— EXERCISE GOAL —
Nothing but the lines below from the one that contains "SKYBOX (CUSTOM-ORDERS ONLY)" through the one that contains "M - L (表記 L)" should be retyped, exactly and including both ends. Do not include pictures.

— RECORDS FOR THIS EXERCISE —
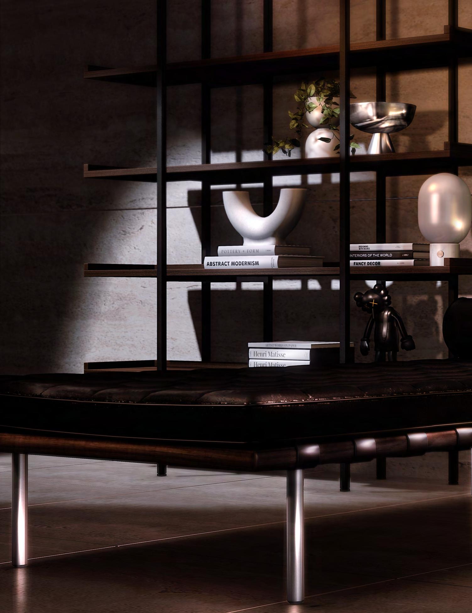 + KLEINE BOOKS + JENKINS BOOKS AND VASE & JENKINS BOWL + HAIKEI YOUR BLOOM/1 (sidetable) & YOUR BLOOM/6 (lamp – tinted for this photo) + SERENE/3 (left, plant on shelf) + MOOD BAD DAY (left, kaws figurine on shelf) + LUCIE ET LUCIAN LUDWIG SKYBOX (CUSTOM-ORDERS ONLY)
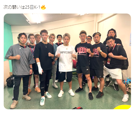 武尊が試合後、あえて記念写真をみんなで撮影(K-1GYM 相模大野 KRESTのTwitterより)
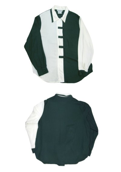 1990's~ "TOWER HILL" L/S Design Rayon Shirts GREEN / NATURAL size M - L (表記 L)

--

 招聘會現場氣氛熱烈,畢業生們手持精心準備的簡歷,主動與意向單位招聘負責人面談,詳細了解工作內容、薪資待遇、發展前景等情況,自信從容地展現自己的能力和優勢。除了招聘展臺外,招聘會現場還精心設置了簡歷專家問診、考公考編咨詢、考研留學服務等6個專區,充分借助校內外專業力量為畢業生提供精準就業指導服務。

* * *

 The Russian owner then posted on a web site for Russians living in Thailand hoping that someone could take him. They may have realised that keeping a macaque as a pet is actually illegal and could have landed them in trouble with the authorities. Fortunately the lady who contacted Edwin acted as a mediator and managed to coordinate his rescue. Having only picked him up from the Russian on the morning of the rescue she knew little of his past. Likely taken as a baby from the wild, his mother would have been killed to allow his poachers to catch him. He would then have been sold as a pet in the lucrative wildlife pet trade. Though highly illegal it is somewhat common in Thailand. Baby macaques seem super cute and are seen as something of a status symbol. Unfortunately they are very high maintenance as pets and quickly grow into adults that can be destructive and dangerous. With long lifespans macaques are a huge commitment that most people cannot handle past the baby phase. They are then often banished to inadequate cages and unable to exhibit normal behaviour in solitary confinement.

— WRITTEN ANSWER —
 + KLEINE BOOKS + JENKINS BOOKS AND VASE & JENKINS BOWL + HAIKEI YOUR BLOOM/1 (sidetable) & YOUR BLOOM/6 (lamp – tinted for this photo) + SERENE/3 (left, plant on shelf) + MOOD BAD DAY (left, kaws figurine on shelf) + LUCIE ET LUCIAN LUDWIG SKYBOX (CUSTOM-ORDERS ONLY)
 武尊が試合後、あえて記念写真をみんなで撮影(K-1GYM 相模大野 KRESTのTwitterより)
 1990's~ "TOWER HILL" L/S Design Rayon Shirts GREEN / NATURAL size M - L (表記 L)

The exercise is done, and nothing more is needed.